On 14 December, 1971, over 200 of East Pakistan's intellectuals including professors, journalists, doctors, artists, engineers, and writers were picked up from their homes in Dhaka by the Al-Badr militias and Pakistani Army. They were taken blindfolded to torture cells in Mirpur, Mohammadpur, Nakhalpara, Rajarbagh and other locations in different sections of the city. Later they were executed en masse, most notably at Rayerbazar and Mirpur. In memory of the martyred intellectuals, December 14 is mourned in Bangladesh as Shaheed Buddhijibi Dibosh ("Day of the Martyred Intellectuals").
Even after the official ending of the war on December 16 there were reports of hostile fire from the armed Pakistani soldiers and their collaborators. In one such incident, notable film-maker Zahir Raihan was killed on January 30, 1972 in Mirpur, allegedly by the armed Beharis of Mirpur.
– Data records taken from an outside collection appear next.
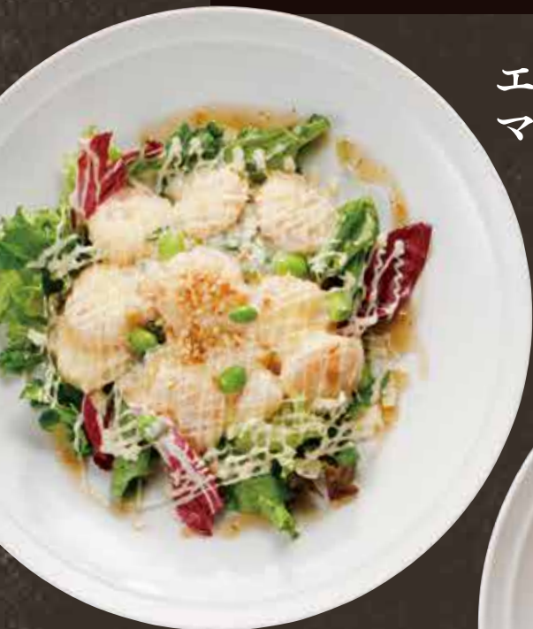
エビの マヨネーズ炒め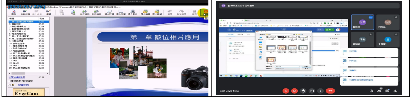
拍照日期：110年08月25日 照片說明：蘇世榮老師講解專案擋與簡報擋差異與觀念釐清。 拍照日期：110年08月25日 照片說明：蘇老師贈送仁德醫專老師簡報佈景主題，並說明其套用與儲存方式。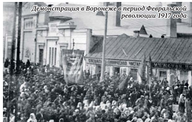
Демонстрация в Воронеже в период Февральской революции 1917 года

Из книги «Воронежские профсоюзы: взгляд сквозь годы»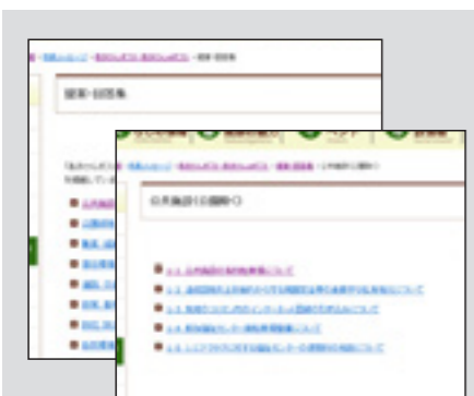
▲ウェブサイトの「提案・回答集」の画面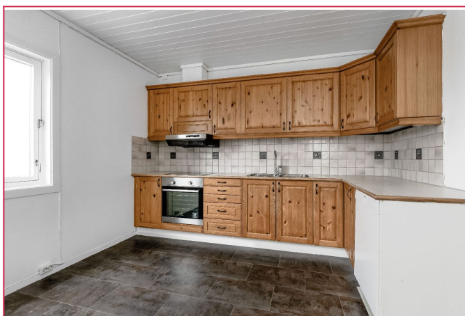
Stort kjøkken med hvitevarer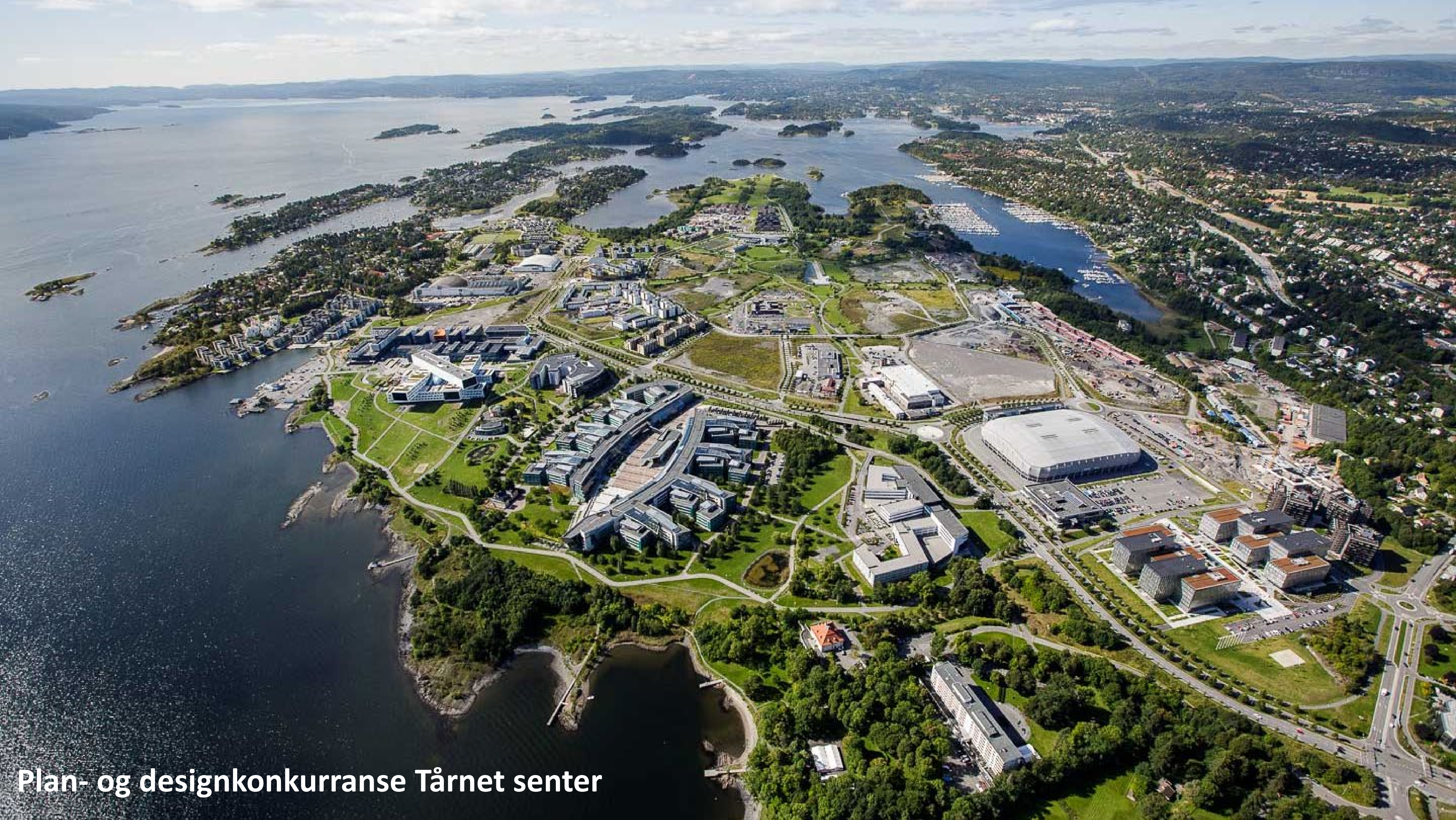
Plan- og designkonkurranse Tårnet senter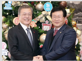
청와대 문재인대통령과 함께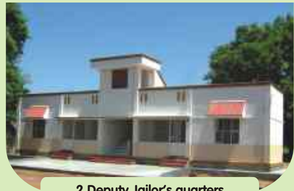
2 Deputy Jailor's quarters special prison for women at Vellore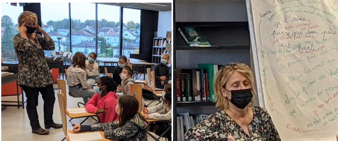
On s'installe confortablement pour plonger dans ses pensées, dans le silence, puis l'auteure lit, en boucle, les phrases recueillies, et les élèves se mettent à écrire...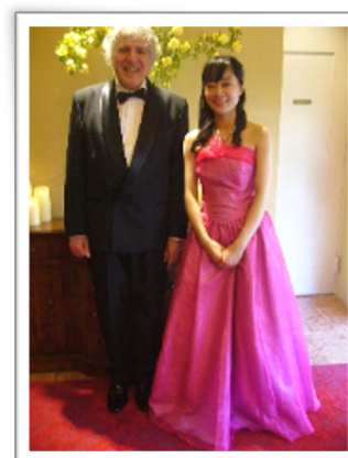
来日したエンドレ先生と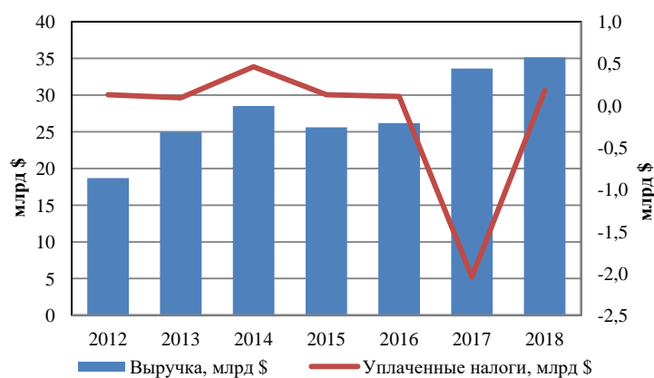
Рис. 3 Анализ выручки и уплаченных налогов

В периоде с 2012 по 2014 год, с 2015 по 2018 год выручка предприятия возрастала (рис. 3). Прослеживается прямая зависимость уплаченных налогов от выручки. Точкой минимума уплаченных налогов стал 2017 год, компания получила компенсацию в размере 2 млрд $. Эта сумма была обусловлена принятием в США «Закона о сокращении налогов и рабочих мест» 22 декабря 2017 года [1], который декларировал снижение федеральной ставки корпоративного подоходного налога с 35% до 21%.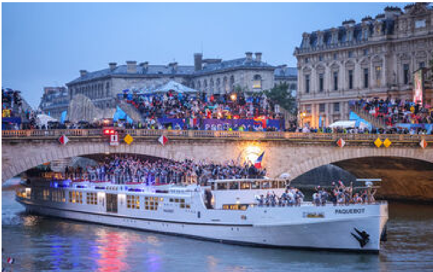
Cérémonie d'ouverture des JO 2024 : l'organisation présente ses excuses « si des gens ont été offensés »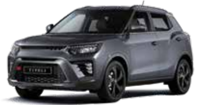
플래티넘 그레이 ADA

It is widely speculated that the killings of 14 December was orchestrated by Maj Gen Rao Farman Ali. After the liberation of Bangladesh a list of Bengali intellectuals (most of whom were executed on 14 Dec) was discovered in a page of his diary left behind at the Governor's House. The existence of such a list was confirmed by Ali himself although he denied the motive of genocide. The same was also confirmed by Altaf Gauhar, a former Pakistani bureaucrat. He mentioned an incidence in which Altaf requested Ali to delete a friend's name from the list and Ali did that in front of him.